*Assigned task:* Leave out every picture, then transcribe the rest of the listing exactly.

*Data segment:*
· · ·
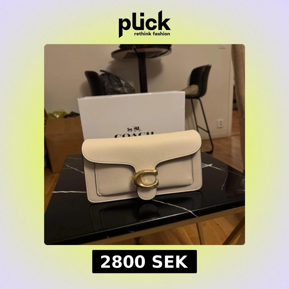 Stilren beige kuvertväska från Coach med exklusiv känsla. Väskan har en stor guldfärgad C-detalj på framsidan och är tillverkad i strukturerat skinn. Perfekt storlek för det viktigaste och levereras med originalbox.
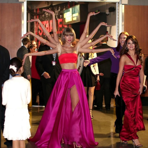 After the 58th Grammy Awards in Los Angeles on February 15, Taylor Swift has made news for various reasons. She is the first woman to bag 'Album of the year' twice and she made it to the list of best-dressed celebrities for the evening. In fact, she has made it to the 'Front page of the Internet', thanks to a photo of her backstage, posing with her hands up in the air. The image made its way to Reddit's photoshop battles owing to a user called RandomDKguy who posted the picture. Here's a look at what happened next. Source: Imgur
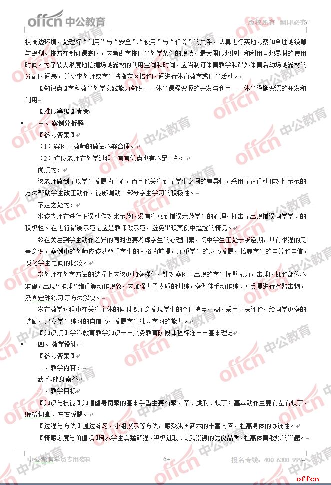 2017年江西教師招聘《中學(xué)體育》試題答案及解析
· · ·
*Solution to the problem:*
 Stilren beige kuvertväska från Coach med exklusiv känsla. Väskan har en stor guldfärgad C-detalj på framsidan och är tillverkad i strukturerat skinn. Perfekt storlek för det viktigaste och levereras med originalbox.
 After the 58th Grammy Awards in Los Angeles on February 15, Taylor Swift has made news for various reasons. She is the first woman to bag 'Album of the year' twice and she made it to the list of best-dressed celebrities for the evening. In fact, she has made it to the 'Front page of the Internet', thanks to a photo of her backstage, posing with her hands up in the air. The image made its way to Reddit's photoshop battles owing to a user called RandomDKguy who posted the picture. Here's a look at what happened next. Source: Imgur
 2017年江西教師招聘《中學(xué)體育》試題答案及解析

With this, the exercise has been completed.